The rate of spontaneous mutations in human myeloid cells

•We provide the first measurement of the mutation rate (μ) in human myeloid cells.•μ is measured to be 3.6–23 × 10−7 per cell division.•The AML-ETO and MLL-AF9 fusions do not seem to increase μ.•Cooperating mutations in NRAS, FLT3 and p53 not seem to increase μ.•Hypermutability may be required to explain leukemogenesis.

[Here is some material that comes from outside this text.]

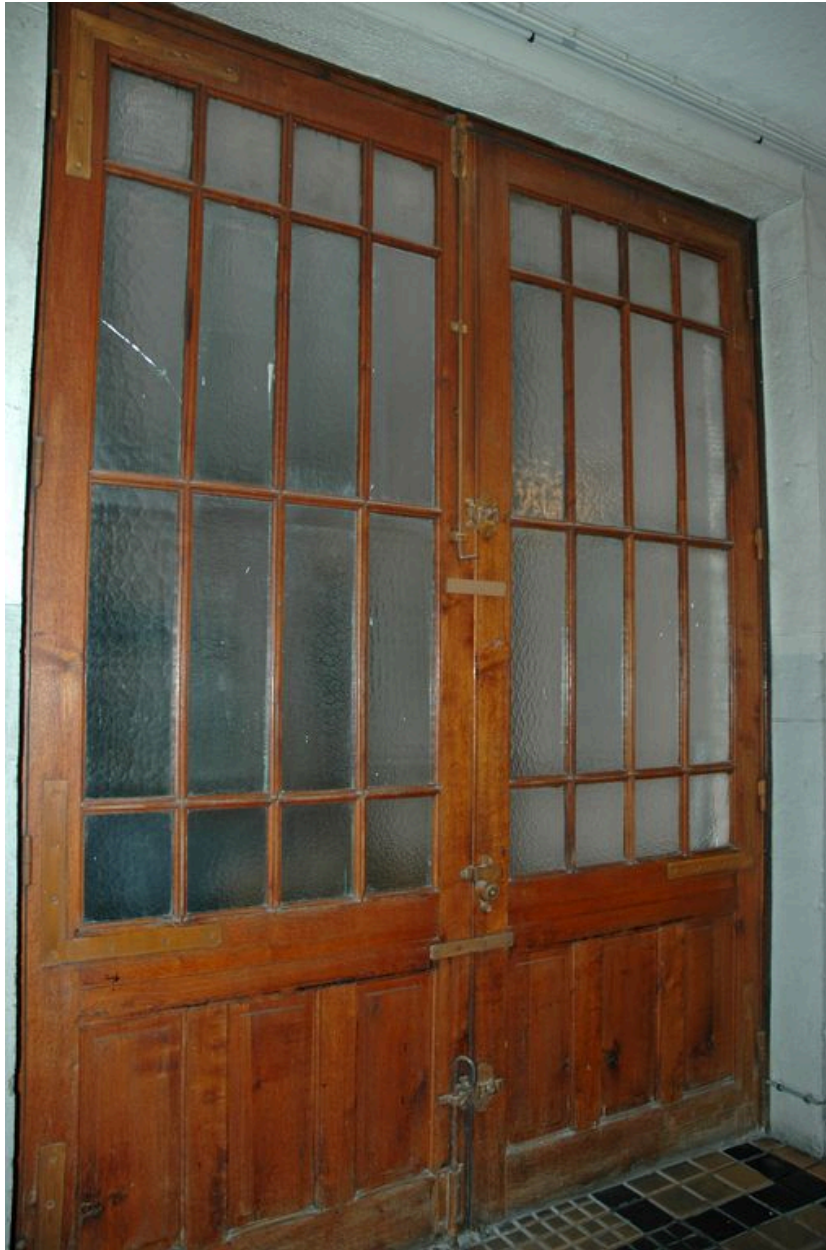
Porte ouvrant sur la cour

The mutation rate (μ) is likely to be a key parameter in leukemogenesis, but historically, it has been difficult to measure in humans. The PIG-A gene has some advantages for the detection of spontaneous mutations because it is X-linked, and therefore only one mutation is required to disrupt its function. Furthermore, the PIG-A-null phenotype is readily detected by flow cytometry. Using PIG-A, we have now provided the first in vitro measurement of μ in myeloid cells, using cultures of CD34+ cells that are transduced with either the AML-ETO or the MLL-AF9 fusion genes and expanded with cytokines. For the AML-ETO cultures, the median μ value was ∼9.4 × 10−7 (range ∼3.6–23 × 10−7) per cell division. In contrast, few spontaneous mutations were observed in the MLL-AF9 cultures. Knockdown of p53 or introduction of mutant NRAS or FLT3 alleles did not have much of an effect on μ. Based on these data, we provide a model to predict whether hypermutability must occur in the process of leukemogenesis.